Raghu Rai, pioneering Indian photographer, 1942–2026

Raghu Rai, the pioneering Indian photographer and photojournalist, has died at age 84. Over his career, he produced more than 30 books covering subjects such as Tibetan exile, Mother Teresa, Indira Gandhi, and Sikhs in India. His most famous work documented the 1984 Bhopal chemical disaster, first for India Today and later for Greenpeace, resulting in the book *Exposure: A Corporate Crime* and exhibitions that toured Europe, the US, and Bangladesh. Rai began his career at The Statesman in 1966, joined India Today in 1982, and became a member of Magnum Photos in 1977 under the patronage of Henri Cartier-Bresson. He was awarded the Padma Shri in 1972 for his coverage of the 1971 India-Pakistan War and the plight of Bangladeshi refugees.

Acclaimed Wilkes Artist Ward Nichols dies

Ward Hampton Nichols, a celebrated artist from North Wilkesboro, North Carolina, died on May 5 at the age of 95 at the Kate B. Reynolds Hospice Home, surrounded by his children. A few weeks before his passing, a celebration of his life, legacy, and art was held at the Wilkes Art Gallery. Nichols, born in 1930 in Welch, West Virginia, taught himself to draw as a child and later served in the U.S. Navy during the Korean conflict, where he designed a NATO shoulder patch and co-founded a shipboard newspaper. After his service, he pursued a lifelong passion for art, painting until January of this year, and was also an avid aviator and sports car enthusiast.

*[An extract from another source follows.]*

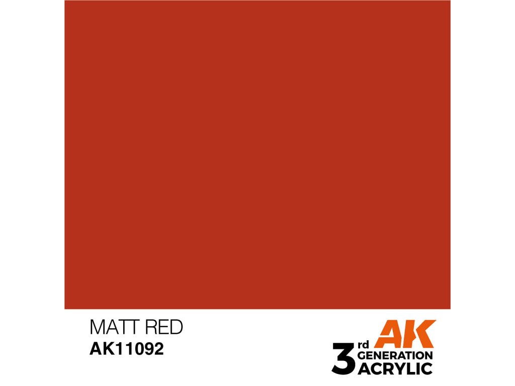 Akrylová farba Matt Red od AK Interactive je vhodná na nanášanie štetcom a airbrushom. Akrylové modelárske farby 3. generácie (3Gen) sú doteraz najprepracovanejším zložením akrylových farieb. Farby radu General majú vynikajúce krytie, úžasnú priľnavosť a nové zloženie zabraňuje upchávaniu dýzy bez potreby zdĺhavého miešania farby.Dodatočné parametre

‘In every drop of paint he slurped, you see the Holocaust’: the genius and torments of Georg Baselitz

Georg Baselitz, the German painter and sculptor known for his provocative confrontations with Nazi history, has died. Born in 1938, he was one of the last living artists with direct childhood memories of the Third Reich. His early works, such as *Die große Nacht im Eimer* (1961) and his upside-down German eagles, deliberately shocked postwar West Germany by depicting obscene, shameful images of a society trying to forget the Holocaust. He famously exhibited a zombie Hitler woodcarving at the 1980 Venice Biennale alongside Anselm Kiefer, insisting on confronting rather than ignoring the Nazi heritage of the German Pavilion.

Headfirst into Eternity

Kopfüber in die Ewigkeit

Conceptual artist Timm Ulrichs, who died on April 29 at age 86, has been buried in a self-designed grave in the Künstlernekropole (artists' necropolis) near Kassel, Germany. His tomb features a life-size bronze cast of his body buried head-first in the earth, with only the soles of his feet visible above ground. Ulrichs, a pioneer of West German postwar conceptual art known for provocative works like tattooing himself and locking himself inside a hollowed boulder, was laid to rest in the forest cemetery founded by artist Harry Kramer in 1992.

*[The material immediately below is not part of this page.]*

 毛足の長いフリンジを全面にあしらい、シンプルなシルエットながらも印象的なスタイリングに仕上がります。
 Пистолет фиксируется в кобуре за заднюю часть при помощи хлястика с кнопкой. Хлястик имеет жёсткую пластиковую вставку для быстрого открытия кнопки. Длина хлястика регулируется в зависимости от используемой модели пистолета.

Leigh Magar, High-End Milliner Turned Indigo Artist, Dies at 57

Leigh Magar, a celebrated milliner who crafted bespoke hats for celebrities including Beyoncé and members of the royal family, has died at age 57. After building a high-profile career in Charleston, South Carolina, she relocated to a remote island off the coast, where she shifted her artistic focus to cultivating indigo and creating natural dyes, becoming a dedicated practitioner of the ancient craft.

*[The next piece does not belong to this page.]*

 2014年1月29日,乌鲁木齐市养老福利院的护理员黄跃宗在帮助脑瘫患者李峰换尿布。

Henryk Ptasiewicz, His Life, His Art

Henryk Ptasiewicz, a British-born artist who became a fixture of the St. Louis art scene, died on October 22, 2025. He moved to St. Louis in 1999, built a practice through commissions and teaching, and in 2014 was invited to paint fiberglass cake sculptures for the city's 250th birthday, featuring figures like Dred Scott and Vincent Price. He was also a founding member of the Missouri Plein Air Painters and a frequent winner on the regional plein air competition circuit.